Figure 1.

Generation of mPer/mCry double mutant mice and representative locomotor activity records. (a) Southern blot analysis of wild-type (WT), Per2^Brdm1, Per2^Brdm1/mCry1^−/−, and Per2^Brdm1/mCry2^−/− tail DNA. The Per2 probe hybridizes to a 12-kb wild-type and a 10-kb mutant fragment of BamHI-digested genomic DNA. The mCry1 probe detects a 9-kb wild-type and a 4-kb NcoI-digested fragment of the targeted locus. In mCry2 mutants, the wild-type allele is detected by hybridization of the probe to a 7-kb EcoRI fragment, whereas the mutant allele yields a 3.5-kb fragment.
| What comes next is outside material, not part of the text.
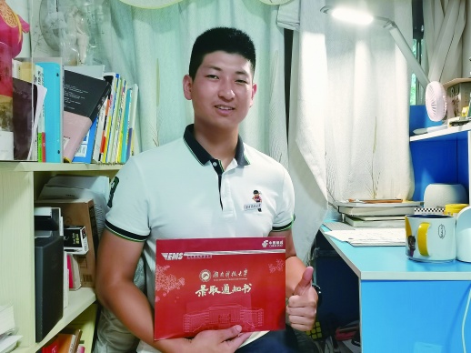 下午4时许,湖南科技大学党委书记唐亚阳来到彭兰溪家中送录取通知书。彭兰溪听到母亲的呼唤声,立即从沙发上“跳”下来,三两下赶到门口迎接。接过通知书,彭兰溪和家人一起打开,“这是我收到最棒的成年礼,我会在湖南科大继续努力,向着自己的梦想不断前进。”

The left panel indicates size of DNA fragments. (b) Representative locomotor activity records of wild-type (WT), Per2^Brdm1, Per2^Brdm1/mCry1^−/−, and Per2^Brdm1/mCry2^−/− mice. All animals were kept in a 12-h light:12-h dark cycle (LD) for at least 7 d before release into constant darkness (DD, indicated by the line over the DD). Activity is represented by black bars (three plot heights, >1, >10, and >20 wheel revolutions per 5-min period) and is double-plotted. The top bar indicates light and dark phases in LD. For the first 5 d in DD, wheel rotations per day were 20,021 ± 2,524 (n = 22) for wild-type animals, 17,656 ± 3,301 (n = 17) for Per2^Brdm1 mutants, 16,025 ± 3,201 (n = 12) for Per2^Brdm1/mCry1^−/− mutants, and 17,859 ± 2,703 (n = 15) for Per2^Brdm1/mCry2^−/− mutants.